Plus I don’t get the “it’s okay if they were stolen by someone who was hungry and really needed them” mentality. I’ll remind those folks of that if they’re ever robbed, that the thieves must have simply needed their stuff more than they did. That’s okay, right?


So! Point being, I am now embracing my new life as Bitchy Person.


This means that all the things that once came naturally will be no more, from the basic to the more complicated. Holding doors open for people? Bam! Let their lazyass selves learn to fend for themselves. It’s a cruel world out there, folks. Open your own fucking doors.


No more letting people with just a few items get in front of me in the checkout line. What am I, the lowly paean to your kingly self? I don’t think so.


I will embrace asshole driving. Now I drive….assertively, shall we say. But I’m not one of those clowns who cuts people off or on the highway goes over to the on ramp in order to scoot ahead a few cars. Yep, now that’ll be me as well.

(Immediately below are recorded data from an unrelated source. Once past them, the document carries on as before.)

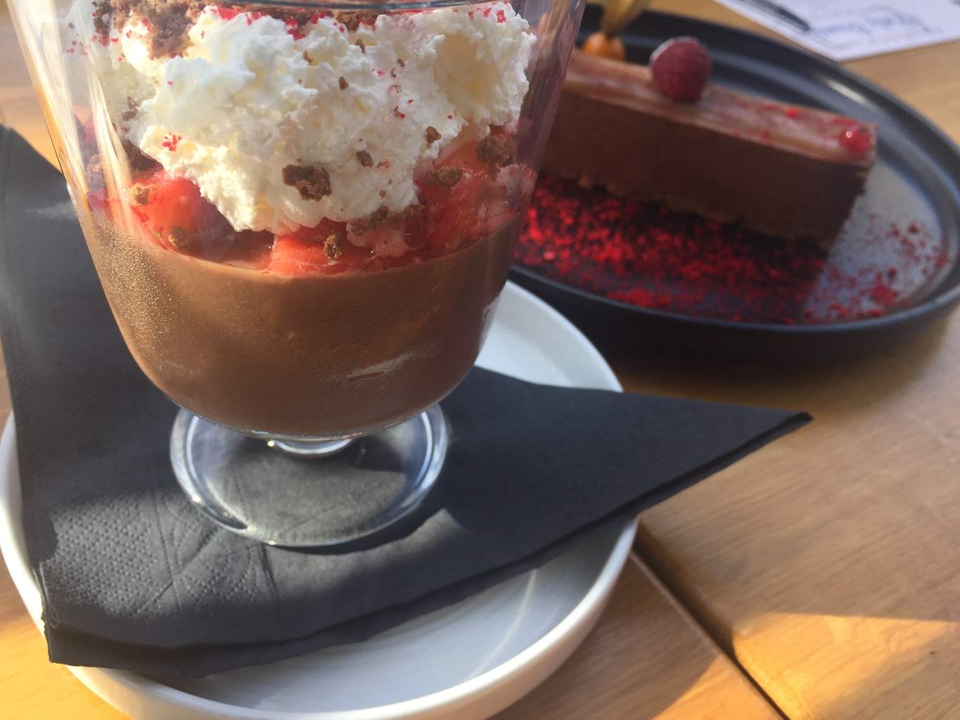 Crema de fistic cu sorbet de zmeură este categoric alegerea care mi-a câștigat votul, (nefiind mare amatoare de dulciuri, tocmai din cauza faptului că sunt mult prea dulci) gustul acrișor al sorbetului combinat cu crema de fistic și fructe proaspete este foarte interesant, iar ca și cantitate, lejer poate fi impățit cu persoana iubită.
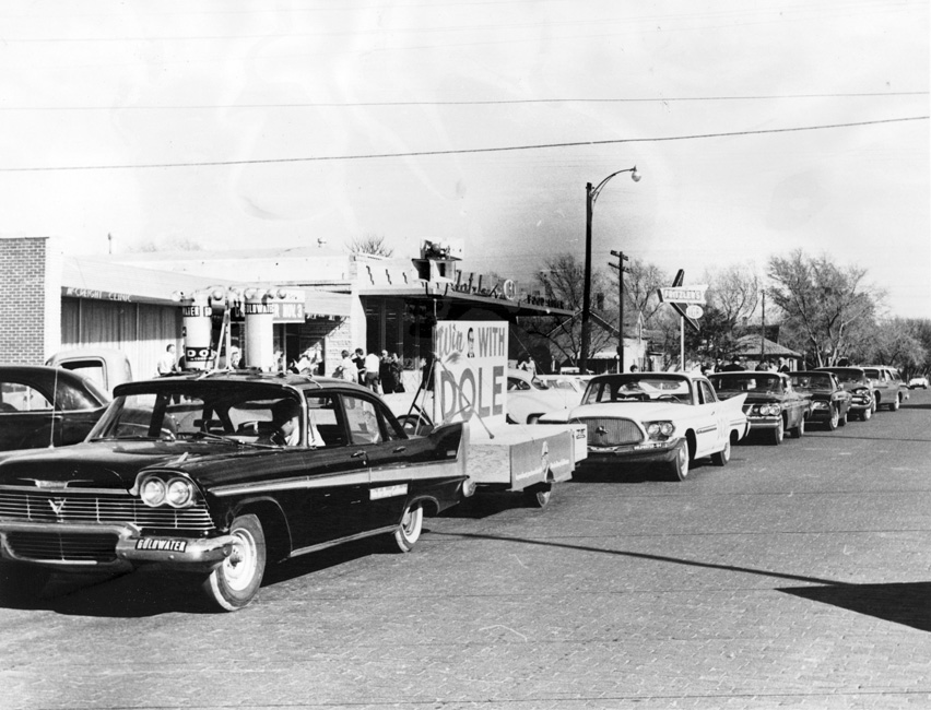 Bob Dole Caravan, Nov 2 1964, Ness City, Republican Headquarters. A caravan of cars, one pulling a sign that reads, "Win with Dole," are shown passing several stores in Ness City, Kansas. The lead car in the image has a Goldwater sticker on the front bumper. Names of stores shown in the image are: McCreight Clinic and Fritzler's IGA food store.
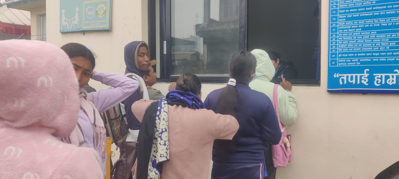 सामाजिक सञ्जालमा शुक्रबारदेखि आवेदन खुल्ने सूचना पाएकी रोशिका एक्लै थिइनन्, साथमा भाइ रोमन पनि थिए। ५२ किलोमिटरको सार्वजनिक बसको थकाइलाग्दो यात्रा पार गरेर उनीहरू विराटनगरस्थित जिल्ला प्रहरी कार्यालय मोरङको मूल ढोकामा आइपुग्दा बिहानको ११ बजिसकेको थियो। तर, त्यहाँको दृश्य देख्दा रोशिका अक्क न बक्क परिन्। उनीभन्दा अगाडि नै सयौँ युवायुवती जाडोको प्रवाह नगरी लामो लाममा बसिसकेका थिए।
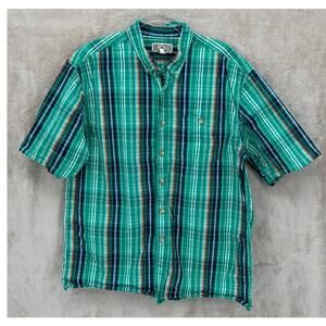 Duluth Trading Shirt Mens Large Tall Green Plaid Button Up Short Sleeve Cotton
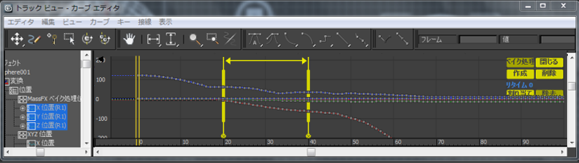 ハイライト表示されたトラックからキーとカーブのみが表示されているのがわかります。その名前は[X 位置](X Position)(R1)と[Y 回転](Y Rotation)(R1)に変化しています。 これは、トラックがリタイマ 1 の制御下にあることを示します。
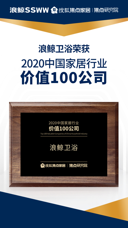 近日,“2020中國家居行業價值100公司”重磅發布!浪鯨衛浴作為泛家居行業的佼佼者,擁有沉淀多年的品牌價值,經線上投票和專家評審,從千家候選企業中脫穎而出,最終榮獲“2020中國家居行業價值100公司”!

No volunteering at food pantries, or donating food to them in general. No volunteering for anything – what am I, Mother Fricking Teresa? Sheesh. I’ve got things to do here, people.


No more chit-chatting with random people, like the good folks of Iowa. Well, okay, I might still chat – but I’ll be glaring at them as I do it, a fulminating glare no less.


No spare change to the Streetwise guys, ever. I’ll become a lousy tipper – 15% and not a penny above. If there are free samples somewhere, I’ll be one of the cretins who load up completely, not leaving anything for anyone else. Hell, maybe I’ll take up extreme couponing, and start clearing shelves with aplomb? A girl can dream.


No more being so gosh darn nice about things, like today when I was stuck waiting for a prescription that should have been ready. Oh sure, I might have said “no problem” when the pharmacist apologized, but I said it with a steely edge that I’m sure will impact her for weeks.


Okay, so I’m sure I’ll still stop on my bike rides to help turtles across the road, even if they’re massive ungrateful snapping turtles that try to bite my wrist off. That’s just their nature, unlike people, who have a choice as to whether they’re going to steal someone’s months of hard work and labor from their garden.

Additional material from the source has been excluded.